• **Activity**:
Begin with the line below holding "Заключение и перспективы" and go on through the line holding "(Patria) - Odmah", duplicating each line exactly and leaving out pictures.

• **Supplied information**:
################

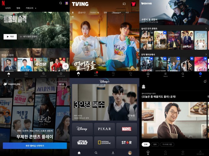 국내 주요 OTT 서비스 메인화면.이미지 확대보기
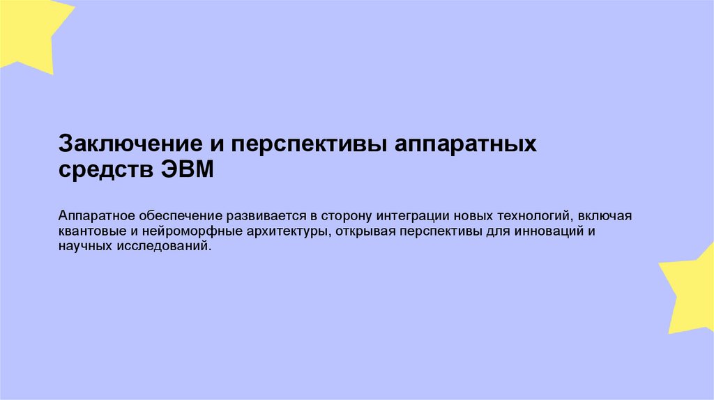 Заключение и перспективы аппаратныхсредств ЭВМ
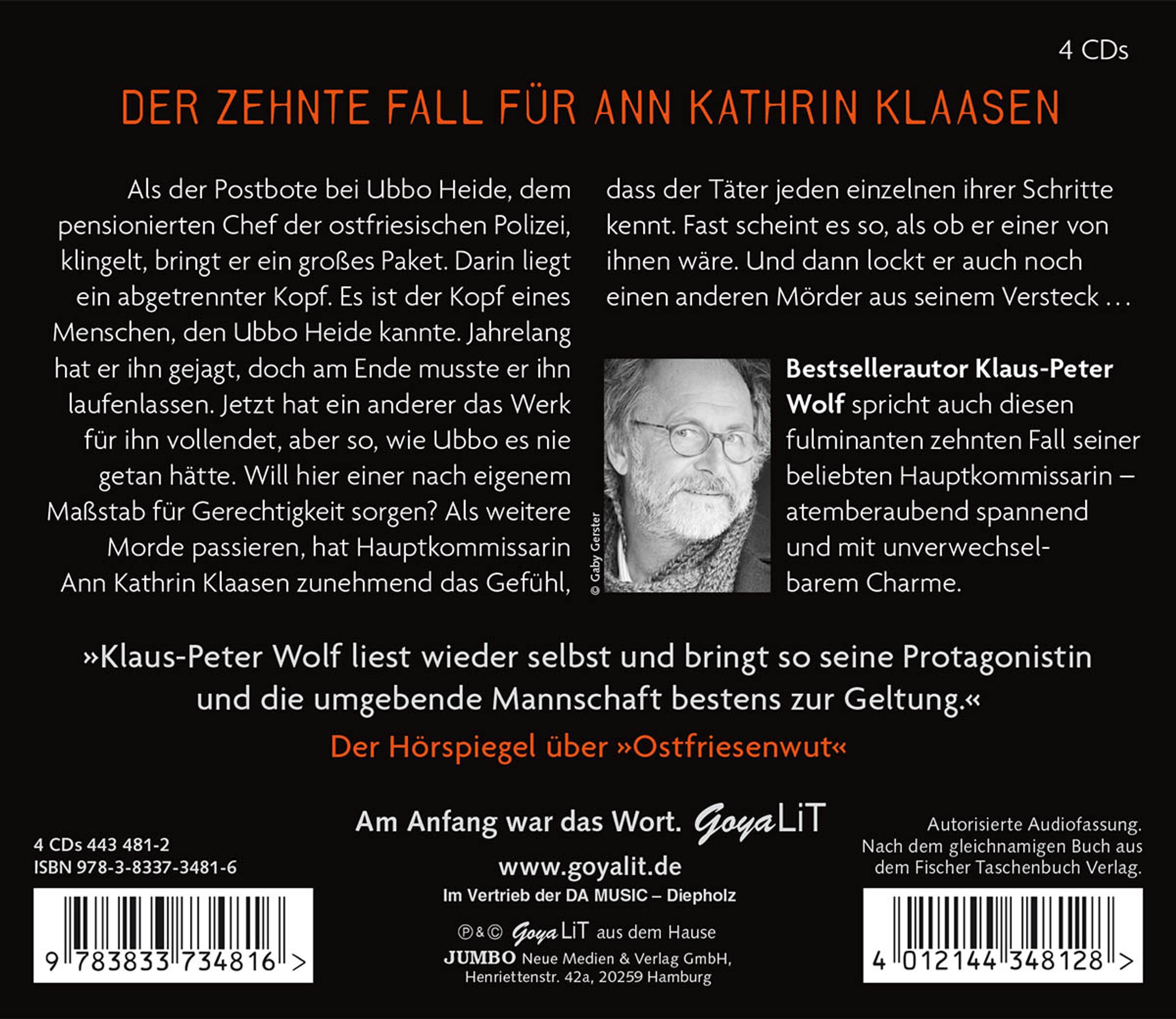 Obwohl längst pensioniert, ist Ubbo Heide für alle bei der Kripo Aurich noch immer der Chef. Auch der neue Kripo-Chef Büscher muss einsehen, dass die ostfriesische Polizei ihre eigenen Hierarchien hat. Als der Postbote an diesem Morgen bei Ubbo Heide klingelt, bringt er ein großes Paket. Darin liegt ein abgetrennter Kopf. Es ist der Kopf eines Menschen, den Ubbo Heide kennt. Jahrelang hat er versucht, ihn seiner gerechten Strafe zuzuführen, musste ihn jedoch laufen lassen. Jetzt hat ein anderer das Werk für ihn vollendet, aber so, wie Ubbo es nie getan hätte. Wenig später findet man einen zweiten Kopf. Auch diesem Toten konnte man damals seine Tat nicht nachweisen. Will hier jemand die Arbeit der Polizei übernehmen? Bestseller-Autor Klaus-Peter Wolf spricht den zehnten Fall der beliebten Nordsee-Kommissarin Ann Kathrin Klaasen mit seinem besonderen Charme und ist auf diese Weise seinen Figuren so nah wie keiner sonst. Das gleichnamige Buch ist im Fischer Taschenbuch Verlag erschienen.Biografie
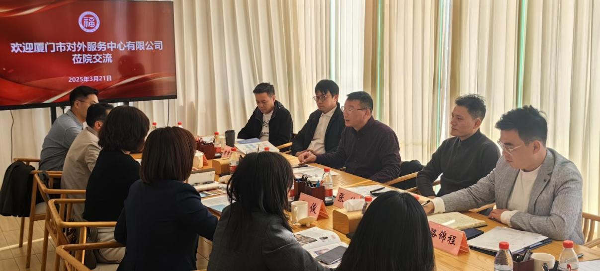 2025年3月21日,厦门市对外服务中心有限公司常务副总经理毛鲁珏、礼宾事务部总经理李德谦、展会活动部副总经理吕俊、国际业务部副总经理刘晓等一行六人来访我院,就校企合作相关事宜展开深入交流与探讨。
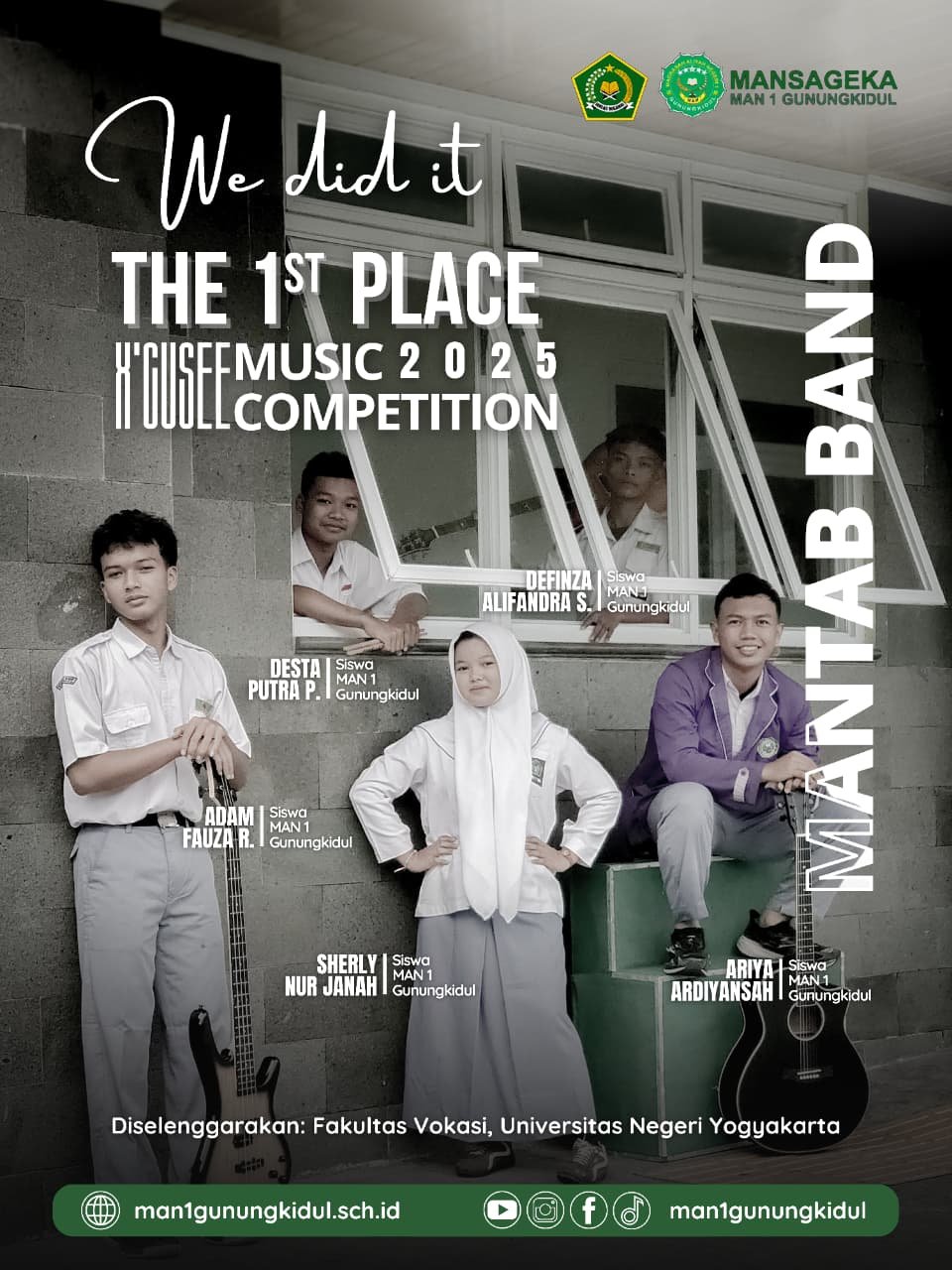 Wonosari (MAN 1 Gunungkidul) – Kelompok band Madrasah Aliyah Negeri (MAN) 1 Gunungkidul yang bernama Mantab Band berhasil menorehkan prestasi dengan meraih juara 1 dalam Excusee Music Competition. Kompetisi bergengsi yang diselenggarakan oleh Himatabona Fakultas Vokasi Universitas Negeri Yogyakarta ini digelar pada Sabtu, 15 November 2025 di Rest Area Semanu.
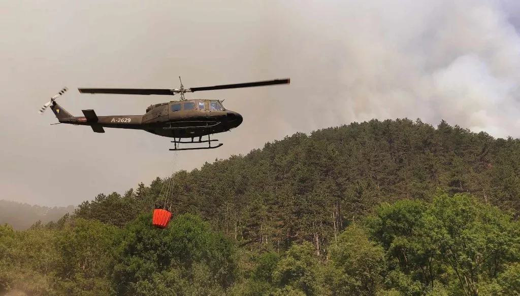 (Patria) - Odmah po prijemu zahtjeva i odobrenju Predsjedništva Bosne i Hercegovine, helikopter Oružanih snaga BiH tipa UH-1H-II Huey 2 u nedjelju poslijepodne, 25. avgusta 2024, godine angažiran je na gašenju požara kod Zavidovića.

################

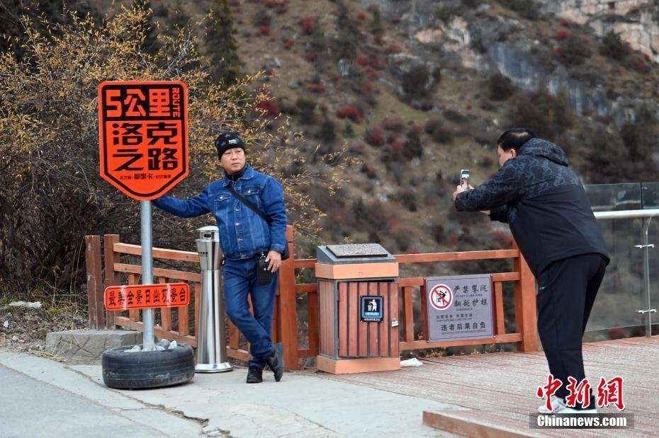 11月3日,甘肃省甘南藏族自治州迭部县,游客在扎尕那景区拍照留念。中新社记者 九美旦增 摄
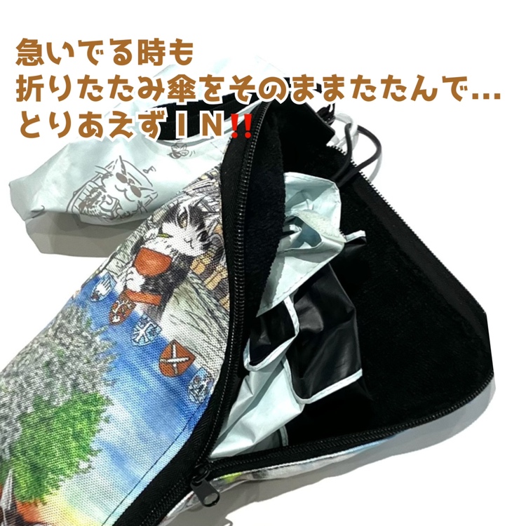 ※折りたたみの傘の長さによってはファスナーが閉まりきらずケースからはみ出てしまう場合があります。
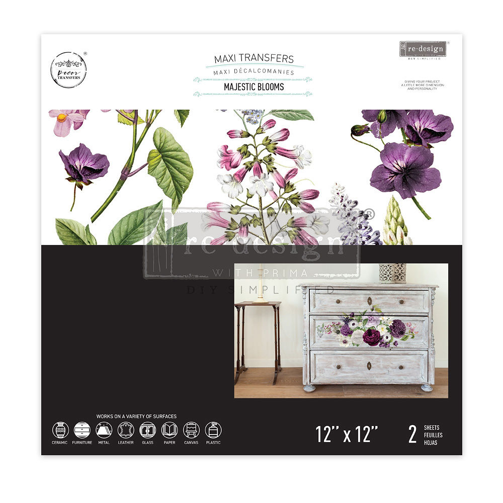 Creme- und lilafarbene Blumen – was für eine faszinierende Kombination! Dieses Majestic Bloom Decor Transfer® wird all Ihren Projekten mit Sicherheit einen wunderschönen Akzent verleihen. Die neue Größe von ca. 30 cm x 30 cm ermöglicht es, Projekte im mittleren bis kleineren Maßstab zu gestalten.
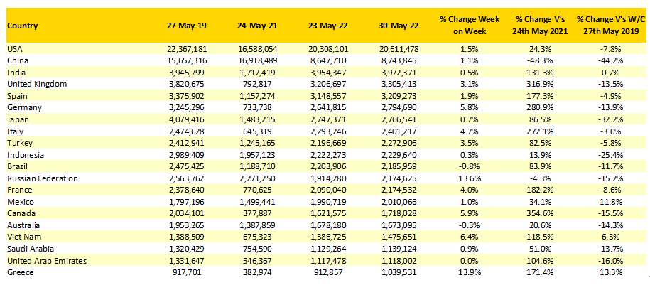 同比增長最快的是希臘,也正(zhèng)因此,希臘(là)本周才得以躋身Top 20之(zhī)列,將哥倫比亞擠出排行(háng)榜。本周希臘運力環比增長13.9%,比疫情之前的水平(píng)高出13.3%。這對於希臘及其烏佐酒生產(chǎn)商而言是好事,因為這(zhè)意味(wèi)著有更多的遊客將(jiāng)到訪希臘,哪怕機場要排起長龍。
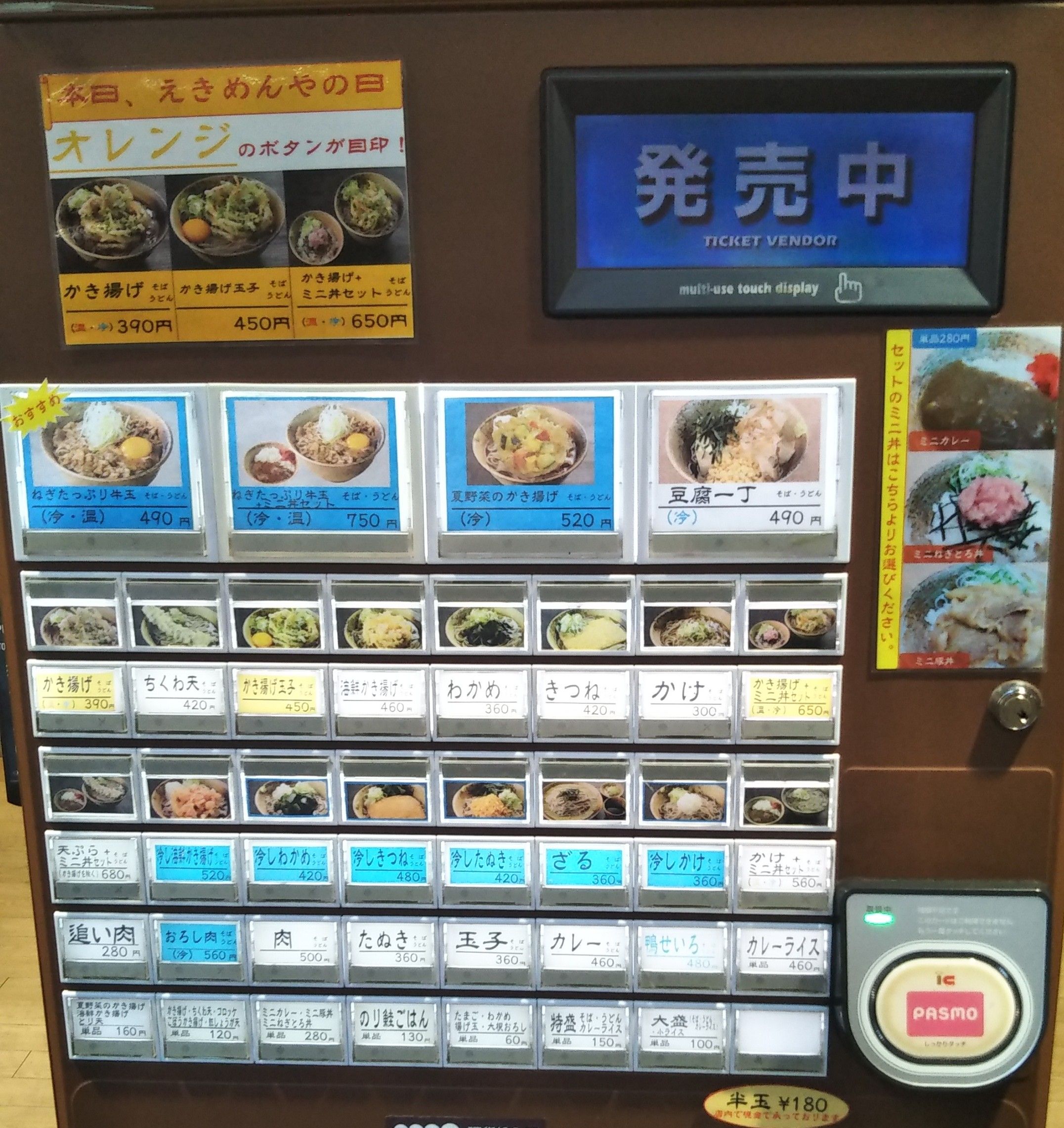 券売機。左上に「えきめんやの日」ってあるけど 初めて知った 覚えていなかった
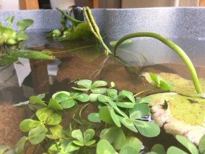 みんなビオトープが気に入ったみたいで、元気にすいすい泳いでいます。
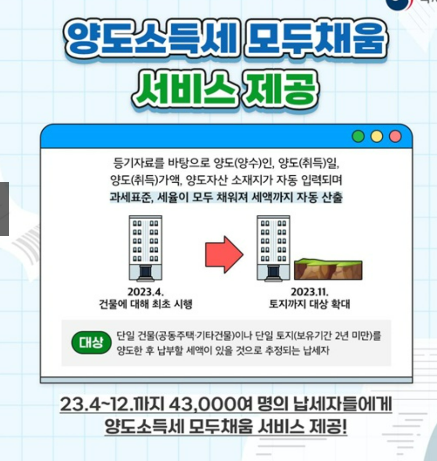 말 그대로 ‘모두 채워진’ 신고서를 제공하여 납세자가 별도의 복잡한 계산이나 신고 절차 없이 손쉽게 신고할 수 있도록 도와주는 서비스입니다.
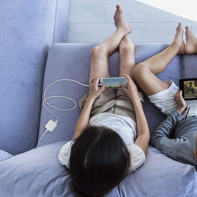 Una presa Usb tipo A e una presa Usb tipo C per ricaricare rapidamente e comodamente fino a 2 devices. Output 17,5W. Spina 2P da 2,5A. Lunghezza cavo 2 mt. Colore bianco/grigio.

################

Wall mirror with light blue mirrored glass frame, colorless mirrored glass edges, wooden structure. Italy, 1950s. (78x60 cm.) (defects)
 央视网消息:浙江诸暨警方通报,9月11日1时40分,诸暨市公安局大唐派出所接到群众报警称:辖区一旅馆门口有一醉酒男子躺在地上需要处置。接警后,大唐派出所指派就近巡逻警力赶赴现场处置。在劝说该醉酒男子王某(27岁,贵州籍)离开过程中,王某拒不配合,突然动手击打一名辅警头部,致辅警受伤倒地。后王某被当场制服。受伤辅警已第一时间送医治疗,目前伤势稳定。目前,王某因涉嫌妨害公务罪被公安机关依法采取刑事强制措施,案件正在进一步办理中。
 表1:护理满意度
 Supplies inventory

################

• **Answer space**:
 Заключение и перспективы аппаратныхсредств ЭВМ
 Obwohl längst pensioniert, ist Ubbo Heide für alle bei der Kripo Aurich noch immer der Chef. Auch der neue Kripo-Chef Büscher muss einsehen, dass die ostfriesische Polizei ihre eigenen Hierarchien hat. Als der Postbote an diesem Morgen bei Ubbo Heide klingelt, bringt er ein großes Paket. Darin liegt ein abgetrennter Kopf. Es ist der Kopf eines Menschen, den Ubbo Heide kennt. Jahrelang hat er versucht, ihn seiner gerechten Strafe zuzuführen, musste ihn jedoch laufen lassen. Jetzt hat ein anderer das Werk für ihn vollendet, aber so, wie Ubbo es nie getan hätte. Wenig später findet man einen zweiten Kopf. Auch diesem Toten konnte man damals seine Tat nicht nachweisen. Will hier jemand die Arbeit der Polizei übernehmen? Bestseller-Autor Klaus-Peter Wolf spricht den zehnten Fall der beliebten Nordsee-Kommissarin Ann Kathrin Klaasen mit seinem besonderen Charme und ist auf diese Weise seinen Figuren so nah wie keiner sonst. Das gleichnamige Buch ist im Fischer Taschenbuch Verlag erschienen.Biografie
 2025年3月21日,厦门市对外服务中心有限公司常务副总经理毛鲁珏、礼宾事务部总经理李德谦、展会活动部副总经理吕俊、国际业务部副总经理刘晓等一行六人来访我院,就校企合作相关事宜展开深入交流与探讨。
 Wonosari (MAN 1 Gunungkidul) – Kelompok band Madrasah Aliyah Negeri (MAN) 1 Gunungkidul yang bernama Mantab Band berhasil menorehkan prestasi dengan meraih juara 1 dalam Excusee Music Competition. Kompetisi bergengsi yang diselenggarakan oleh Himatabona Fakultas Vokasi Universitas Negeri Yogyakarta ini digelar pada Sabtu, 15 November 2025 di Rest Area Semanu.
 (Patria) - Odmah po prijemu zahtjeva i odobrenju Predsjedništva Bosne i Hercegovine, helikopter Oružanih snaga BiH tipa UH-1H-II Huey 2 u nedjelju poslijepodne, 25. avgusta 2024, godine angažiran je na gašenju požara kod Zavidovića.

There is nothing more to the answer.